Microsoft rebukes employee who claims Windows 7 was inspired by OS X

No matter how you look at it, the release of Windows 7 has gone off without a hitch compared to the headaches that accompanied the launch of Windows Vista.  Not only that, but reviews of Microsoft's new OS seem to be universally positive, with both critics and consumers liking what they see.  Windows 7 is Microsoft's most eye catching OS to date, and the similarities to OS X are undoubtedly there.

Still, one doesn't usually expect a Microsoft executive to say that OS X was the inspiration for Windows, but that's exactly what happened yesterday when partner group manager Simon Aldous said the following in an interview with PCR.

When asked about Windows 7, Aldous responded in part:

One of the things that people say an awful lot about the Apple Mac is that the OS is fantastic, that it’s very graphical and easy to use. What we’ve tried to do with Windows 7 – whether it’s traditional format or in a touch format – is create a Mac look and feel in terms of graphics. We’ve significantly improved the graphical user interface, but it’s built on that very stable core Vista technology, which is far more stable than the current Mac platform, for instance.


You might often hear the Mac faithful complaining about Microsoft "borrowing" design elements from OS X, but it's not too often that you hear a rival company openly admitting to using a competitors product as inspiration for their own.

Aldous' comments made the rounds yesterday across the web, and not surprisingly, it wasn't too long before he was taken to task by Microsoft for his comments.

Writing on the Windows 7 blog, Brandon LeBlanc writes that Aldous' quote was completely off base.
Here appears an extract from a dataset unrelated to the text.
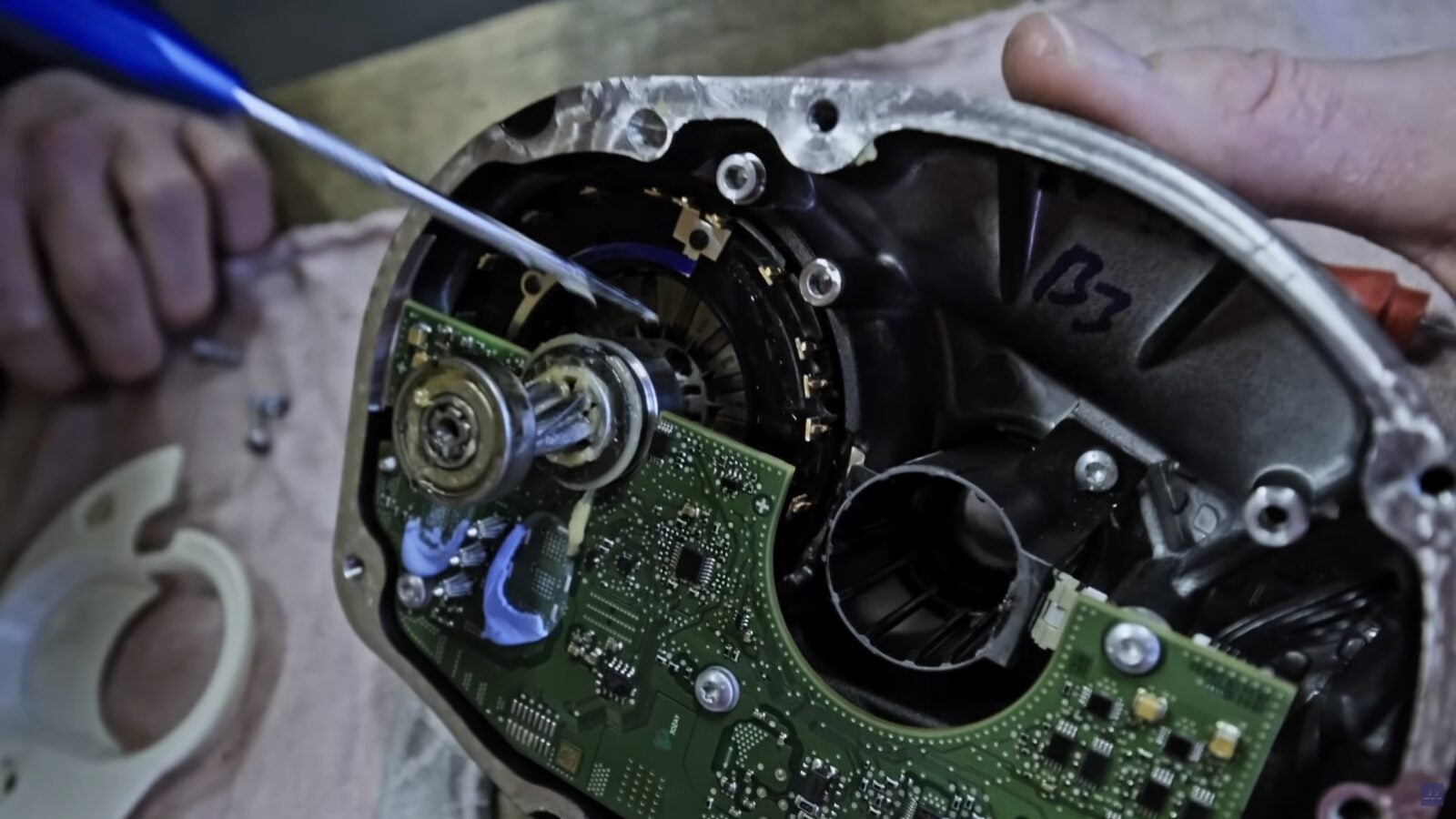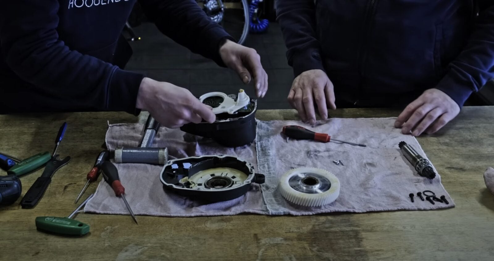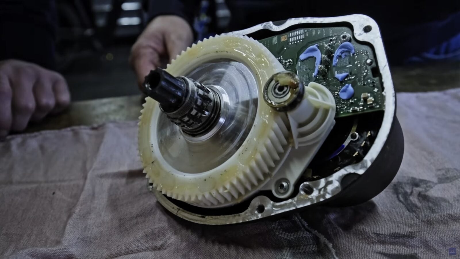 Przy użyciu podstawowych narzędzi (wkrętarki akumulatorowej, klucza Torx-25 oraz śrubokręta płaskiego) eksperci rozebrali obudowę silnika, zdejmując w procesie plomby gwarancyjne i wtedy ujrzeli… zaskakująco minimalne zużycie elementów. Łożyska, kluczowe dla płynności działania każdego układu mechanicznego, obracały się swobodnie, a główne koło zębate o skośnym zazębieniu wyglądało niemal jak nowe. Podobnie wypadł wał napędowy i podzespoły elektryczne, które nie wykazywały widocznych uszkodzeń ani degradacji. Jedynym drobnym mankamentem był osad z kurzu i zanieczyszczeń wewnątrz obudowy, ale taki osad jest typowy przy regularnym użytkowaniu i nie ma większego wpływu na pracę silnika.

An inaccurate quote has been floating around the Internet today about the design origins of Windows 7 and whether its look and feel was “borrowed” from Mac OS X.  Unfortunately this came from a Microsoft employee who was not involved in any aspect of designing Windows 7. I hate to say this about one of our own, but his comments were inaccurate and uninformed.


I certainly wouldn't want to be Simon Aldous walking into work this morning.  But in all seriousness, LeBlanc may insinuate that Windows 7 borrowed nothing from OS X, but many reviews have pegged Windows 7 as the most "Mac-like" release of Windows.  And to be fair, it's not as if Apple has never "borrowed" design elements from Windows.  One thing's for sure, though - you'll never hear an Apple employee ever praising Microsoft Windows.. at least not while Steve Jobs is in charge.